3,7d = INVALID    # Catch all for Invalid usernames, if none of the above matched, these numbers will apply.
0,10d = NOID      # Catch all No ssh id events, instant block for 10 days.


SECTION IPPOLICY
# Good nets(+) and bad nets(-), by regular expression matching IP addresses.
# This matches the same addresses as reported in sshdfilter logs, ie, the
# same IP version as used by your iptables command, which will most likely
# be version 4. No hostname lookup is done, or proper subnet matching.
# If you want any of that you need to be using iptables.
#-'^192\.168\.7\.9$'  # drop a test #
#+'^192\.168\.7\.[0-9]+$'       # always accept, never block LAN connections
#+'^192\.168\.8\.[0-9]+$'       # always accept, never block LAN connections
#+'^192\.168\.0\.[0-9]+$'       # always accept, never block LAN connections
-'^207\.46\.[0-9]+.[0-9]+$'    # Block known evil domain


SECTION EMAILPOLICY
# When to send emails about block events. + means send email, - means don't.
# Read from top to bottom, the first match is the action. Except DEFAULT, 
# which only matches after none of the others have matched. But for DEFAULT,
# INVALID and NOID, the surrounding '' are required.

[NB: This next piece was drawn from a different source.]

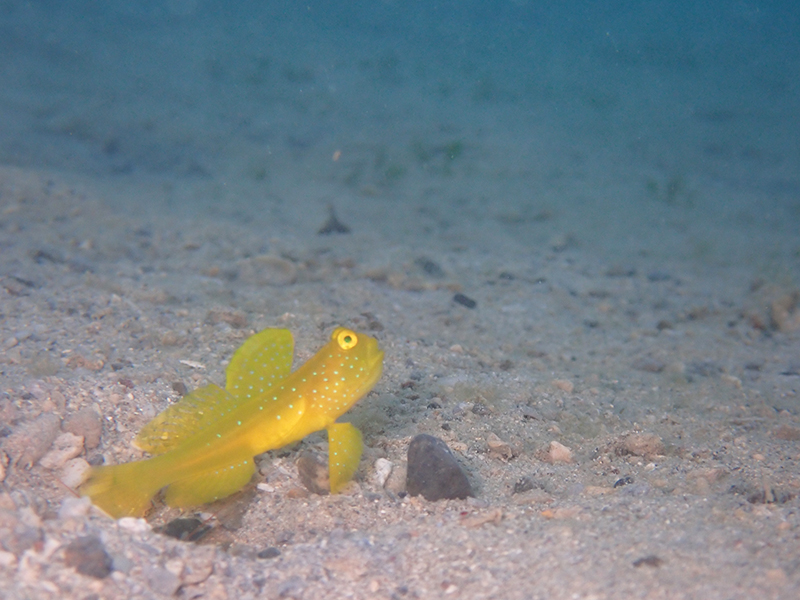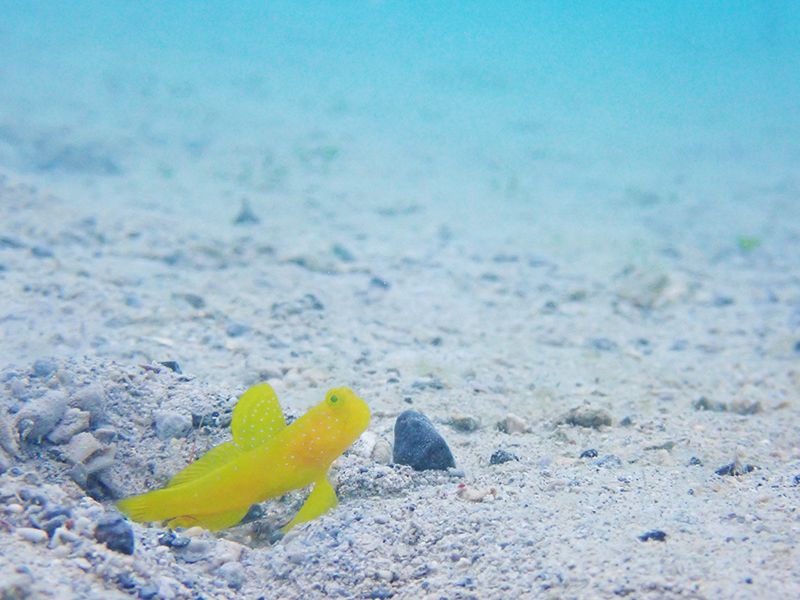 黄色い体に水色の斑点がきれいなギンガハゼ

-'^peter$'   # If peter ever fails to login, don't email.
+DEFAULT     # Email in most circumstances.
+'^greg$'    # Email if the user is greg, redundant as this is the default.
+INVALID     # Email all invalid users
-NOID        # Don't email if there was no ssh id given.



SECTION SSHDLOG
# The SSHDLOG section maps sshd messages into one of several types, No Id string, Invalid User, Bad password for valid user, and Good password for valid user. Each version and distribution uses different message formats, so the exact format needs to be user configurable. These are already supplied for quite a few distributions.